We saw -dependent epistasis in S100A4 with a peak at regions where multiple structures were populated. -dependent changes in epistatic magnitude were often accompanied by switches in the observed type of epistasis. A similar phenomenon has been observed in allosteric proteins where ligands can act as agonists or antagonists in response to changes in environment, ultimately via changes in the thermodynamic ensemble [35]. Intriguingly, reshaping the thermodynamic ensemble has the largest epistatic effect—both in magnitude and type—under physiologically relevant conditions, precisely where macromolecules toggle between distinct modes of function. Ensemble epistasis may represent an evolutionary mechanism that serves to couple environmental changes to increases in phenotypic variation, possibly increasing evolvability.

Studies have linked the thermodynamic ensemble to evolvability, but the role of epistasis is often unclear [36, 37]. A recent study showed that epistasis between two dynamics-altering mutations in TEM-1 Beta-lactamase facilitated the evolution of distinct enzymatic activities [38]. There are also examples of ensemble-facilitated evolution requiring minimal epistasis [36]. The reduced role of ensemble epistasis may be related to stability-mediated thresholds, where mutations are additive until destabilizing mutations accumulate such that the threshold required for function is crossed [36, 39, 40]. Notably, the mathematical framework of the thermodynamic ensemble is not limited to proteins—it has been used to describe much more complex biological systems like signalling networks and bacterial communities [41–46].

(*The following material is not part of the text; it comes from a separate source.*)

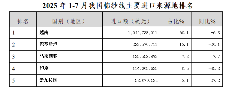 受美國(guó)關(guān)稅政策不確定性影響,我國(guó)對(duì)美國(guó)紡織服裝出口呈下行趨勢(shì),進(jìn)而導(dǎo)致進(jìn)口紗需求持續(xù)萎縮。從大類產(chǎn)品看,2025年1-7月進(jìn)口棉紗線17.4億美元,同比下降20.5%,進(jìn)口數(shù)量77.6萬(wàn)噸,同比下降14%;進(jìn)口化纖7億美元,同比下降17.7%;進(jìn)口絲線和羊毛、動(dòng)物紗線分別為163萬(wàn)美元、0.9億美元,同比增長(zhǎng)2.9%、6.7%。我國(guó)紗線進(jìn)口以棉紗線為主,占紗線進(jìn)口總額的70%。

Detecting ensemble epistasis

Here we assumed a discretely defined, three-structure system: one structure (i) that determines the biological observable of interest and two excited structures (j and k) that give rise to ensemble epistasis. While this assumption will be unlikely to hold for many biological systems, our mathematical formalism above can be extended to n observable structures and m excited structures and still give rise to ensemble epistasis when the two minimal conditions are met.

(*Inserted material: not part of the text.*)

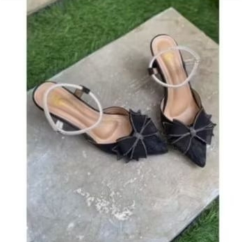 Sendal Sepatu Wanita Pesta Premium Runcing Pita Aksesoris Cantik Simpel Santai Formal Wisuda R11
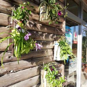 延岡市植物公園に来ています。 焼酎の紙パックに寄せ植えされた植物達。笑 手前から本格焼酎 霧島 本格芋焼酎 風門 本格芋焼酎 天孫降臨

A straightforward experimental test for ensemble epistasis would be to perturb the thermodynamic ensemble by tuning environmental parameters. We observed effector-dependent epistasis in the S100A4 protein, where epistasis changed with the addition of Ca²⁺. The magnitude of epistasis peaked in regions where mutations were able to affect multiple structures, or where the chances of satisfying the requirements are the highest. Environmental-dependent epistasis has been noted previously, pointing to a possible underlying ensemble structure [32, 47–53].

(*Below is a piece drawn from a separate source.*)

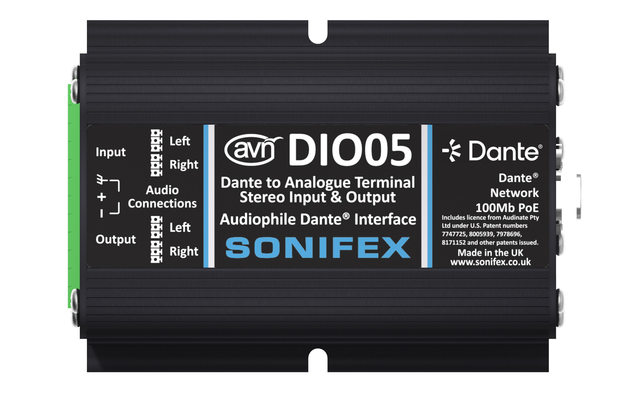 The AVN-DIO05 is a Dante to analogue terminal block input and output convertor in the Sonifex DIO range of Dante input/output devices. It features balanced stereo analogue inputs and outputs on a terminal block connector and one Neutrik EtherCon® connector for direct connection to a Dante AoIP network.

Modeling ensemble epistasis

Some important goals of in modeling epistasis are to understand evolution, interpret high-throughput experiments, and engineer macromolecules. We see two general strategies to model ensemble epistasis in these contexts: 1) account for it with specific mechanistic models and 2) embrace the statistical nature of ensembles and model epistasis as a Gaussian noise term [54]. Recently, the first approach was taken to decompose mutational effects in the GB1 protein [55]. A three-structure ensemble model was able to explain much of the epistasis observed in the dataset. The remaining epistasis pointed towards residues that contribute to functionally important structural dynamics. This approach both reduces nonlinearity and gives mechanistic information about the system.

The above approach may work for simple, well-behaved proteins. For complex proteins, ensemble epistasis might be better modeled as a Gaussian noise term. Attempts to model a fundamentally statistical, population-level phenomenon with specific epistatic coefficients may be misleading. This has been noted previously but has foundations in the mathematics of thermodynamic ensembles: the Boltzmann-distribution collapses to a Gaussian when many structures are populated [54]. The statistical nature of thermodynamic ensembles likely means they cannot be distilled into a predictive mechanistic framework.